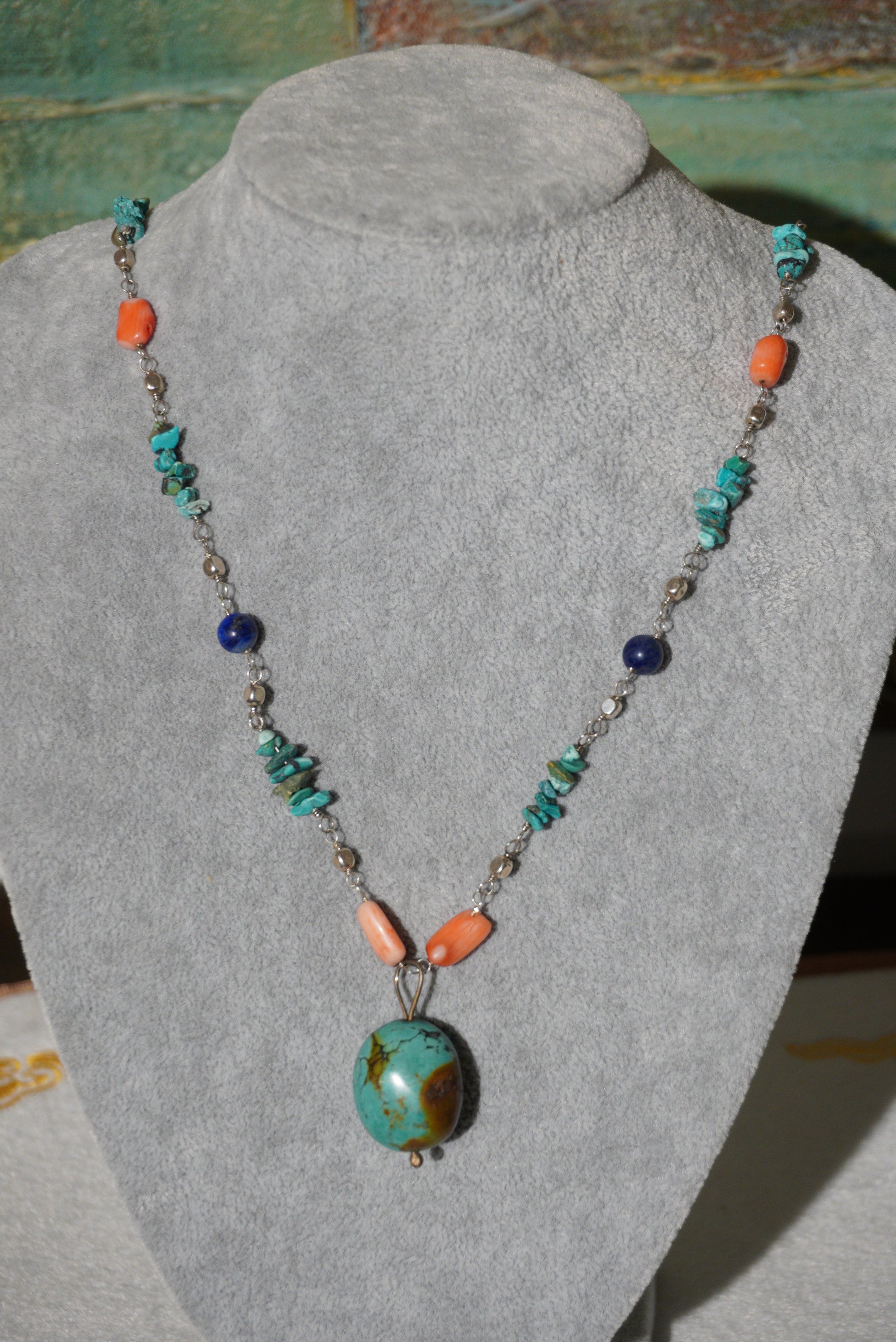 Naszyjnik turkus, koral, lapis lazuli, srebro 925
————
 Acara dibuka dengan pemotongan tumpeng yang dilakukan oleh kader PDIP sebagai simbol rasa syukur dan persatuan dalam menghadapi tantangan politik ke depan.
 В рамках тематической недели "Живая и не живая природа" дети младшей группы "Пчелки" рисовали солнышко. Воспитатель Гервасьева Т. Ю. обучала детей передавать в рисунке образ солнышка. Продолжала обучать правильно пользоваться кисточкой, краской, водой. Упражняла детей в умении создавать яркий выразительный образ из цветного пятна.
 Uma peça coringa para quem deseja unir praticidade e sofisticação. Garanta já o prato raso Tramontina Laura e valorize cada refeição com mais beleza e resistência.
————
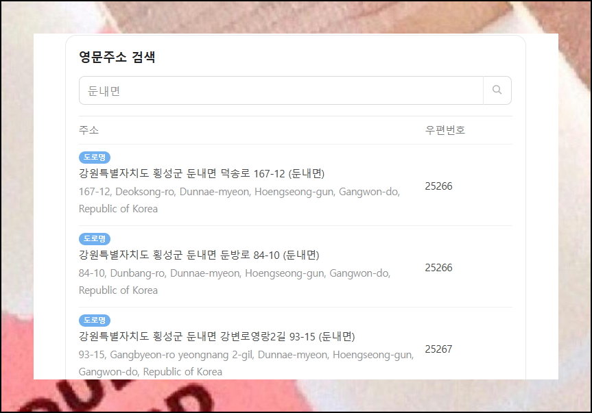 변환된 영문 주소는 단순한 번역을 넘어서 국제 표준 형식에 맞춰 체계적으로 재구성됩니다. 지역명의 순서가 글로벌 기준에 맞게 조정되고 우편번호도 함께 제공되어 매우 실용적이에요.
————
▶ [Action item] Take the entries above and return only the lines from the one with "Acara dibuka dengan" to the one with "Uma peça coringa", both included, unchanged.

▶ [Your response]
 Acara dibuka dengan pemotongan tumpeng yang dilakukan oleh kader PDIP sebagai simbol rasa syukur dan persatuan dalam menghadapi tantangan politik ke depan.
 В рамках тематической недели "Живая и не живая природа" дети младшей группы "Пчелки" рисовали солнышко. Воспитатель Гервасьева Т. Ю. обучала детей передавать в рисунке образ солнышка. Продолжала обучать правильно пользоваться кисточкой, краской, водой. Упражняла детей в умении создавать яркий выразительный образ из цветного пятна.
 Uma peça coringa para quem deseja unir praticidade e sofisticação. Garanta já o prato raso Tramontina Laura e valorize cada refeição com mais beleza e resistência.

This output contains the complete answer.